Pois bem, a sua dúvida é pertinente: será que este “hipotiroidismo” é
transitório [pela mudança de dieta, perda de peso, ou mesmo uma fase
de maior demanda hormonal...] ou já é a história natural da sua
evolução de tanto tempo com a auto imunidade ativa? Eu não saberei lhe
falar agora.
Sugiro esperar mais 4 meses e checar novamente os exames.

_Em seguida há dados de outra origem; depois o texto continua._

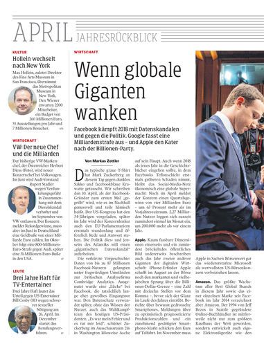 Facebook kämpft 2018 mit Datenskandalen und gegen die Politik. Google fasst eine Milliardenstrafe aus – und Apple den Kater nach der Billionen-Party.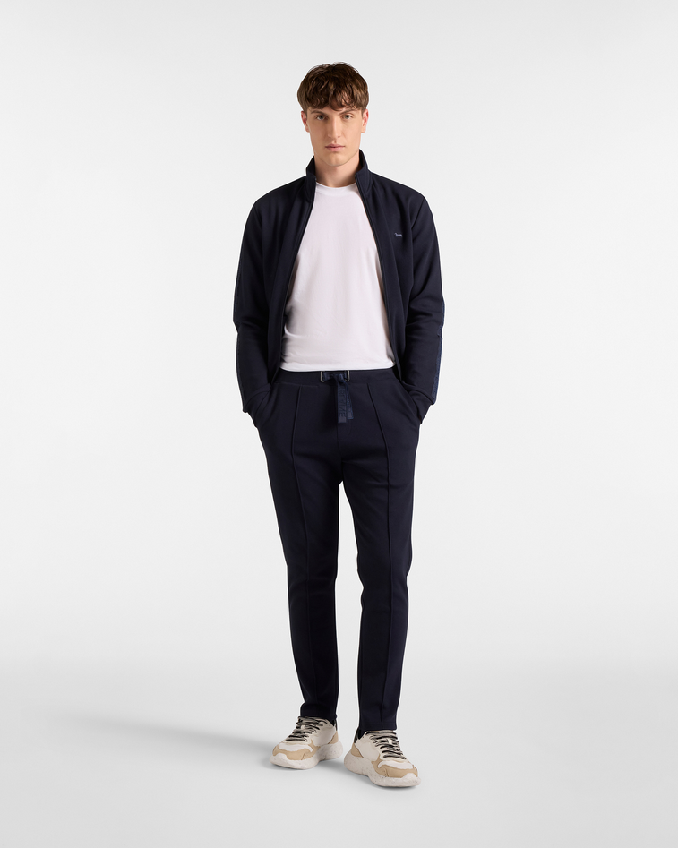 Capo imprescindibile per chi ama uno stile sportivo ma curato nei dettagli, questi pantaloni da uomo firmati Harmont & Blaine combinano comfort e ricercatezza in un design moderno e versatile. Realizzati in felpa di misto cotone stretch con trama diagonale, assicurano una piacevole sensazione di morbidezza sulla pelle e un'ottima libertà di movimento. La vestibilità regular li rende ideali per accompagnare le attività quotidiane, mentre i dettagli sartoriali ne elevano il carattere: due pratiche tasche laterali, due eleganti tasche posteriori a filetto, una sottile nervatura frontale che slancia la figura e una vita regolabile con coulisse in fettuccia logata per un tocco distintivo. Sul retro, l'iconico bassotto ricamato aggiunge la firma inconfondibile del brand. Perfetti da indossare da soli o in coordinato con la felpa abbinata per un total look sporty-chic. Cura e Manutenzione: 60% Cotone, 38% Poliestere, 2% Elastan, programma 30° lavaggio normale, non candeggiare, non centrifugare, stiratura a bassa temperatura, non lavare a secco. Codice prodotto FRP214021756801 A25

Talvez
monitorar também através da ultrassonografia de tireóide.
Se o TSH (que já foi anteriormente 15, e que agora está no limite
superior da normalidade [4,5]) estiver em uma curva crescente, bem
como os auto anticorpos aumentando, muito provavelmente o T4livre
também cairá [este é o hormônio tiroidiano que medimos a efetiva ação
nos receptores, dosado no sangue]. Neste caso, deve conversar com um
tiroidologista para saber sobre a necesidade do uso da reposição com
levotiroxina.
Se o TSH mantiver-se numa curva estável, sem aumento de auto
anticorpos e com T4livre dentro da normalidade, você NÃO APRESENTANDO
clínica compatível com hipotiroidismo, pode-se fazer um seguimento.
Se o TSH baixar e os anticorpos mantiverem-se, tudo será considerado
adequado e é só seguir periodicamente.
A suplementação com o selênio ajuda a “maquinaria” intra tiroidiana na
produção hormonal [no blog, há um texto sugerindo este assunto].
Talvez toda a adequada suplementação, proposta pelo profissional em
nutrologia, tenha auxiliado este equilíbrio também.
O fato de você não ter sido submetido a dosagem de anticorpo anti
endomísio e o restante da investigação para intolerância ao glúten,
deveria ser discutido com um gastroenterologista voltado a esta área.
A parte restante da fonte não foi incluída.